100 Facebook arkadaşı olan hiç kimse güvende değil. Facebook’ta bir public bir de gölge operasyonlar var. Karşımızda kollektif bir şey var o yüzden kolektif bir kavga gerekir. Teknolojiyi ihtiyacımıza cevap verecek kadar kullanalım ama bizi ele geçirecek kadar değil. Faustian Bargain: Bilgi karşısında ruhumuzu şeytana sattık. Bilgi karşısında her şeyi feda etmeye istekliyiz. Ne olacak?

21. yüzyıl insanı şu seçim arasında kalmamalı: Analog dünya ya da kendi seçimi ile özel hayatı parçalanmış tercihleri elinden alınmış. Bu market kapitalizmine karşı çıktığı­mızda check ve balans demokrasiyi de koruruz. Gelecek kuşakları koruruz.

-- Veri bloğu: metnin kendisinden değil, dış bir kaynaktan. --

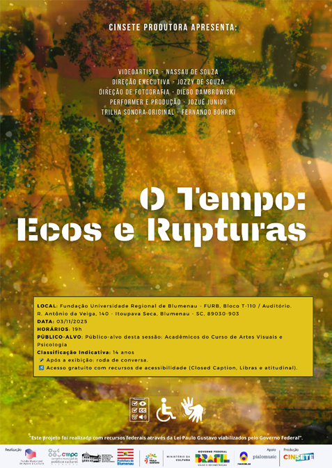 O cinema experimental será o destaque na Universidade Regional de Blumenau (FURB) com a exibição da videoarte “O Tempo: Ecos e Rupturas”, do artista Nassau de Souza. O evento, que é gratuito e aberto à comunidade, ocorrerá no dia 3 de novembro, às 19h, no Auditório do Bloco “T” da FURB. O evento contará com recursos de acessibilidade comunicacional, incluindo LIBRAS, audiodescrição (AD) e legendas descritivas.

GDPR general data protection. Görünmez operasyonları denetlenmeli. Son 20 yılda daha önce olmayan bir şey yaptılar, o yüzden hukuk karşı değildi. Tıpkı çocuk işçi ça­lıştıran şirketler gibi. Onları durdurmayı hiç denemedik. Gözetim kapitalizmi 20 yaşın­da? Demokrasinin birkaç yüzyılı var. Ama Doctorow’un yazdığı gibi bu verilerin yanlış kullanımı bizi totaliterliğe doğru götürecek. Bu bir tür şirketokrasiyi (yani şirketlerin yönettiği politik model) çağrıştırabilir. Turow der ki: “Şirket gücünün merkezileşmesi dijital çağın kalbinin tam ortasındaki gerçekliktir.”

Kaynaklar:

Shoshana Zuboff Gözetim Kapitalizmi Bilal Eren Medium.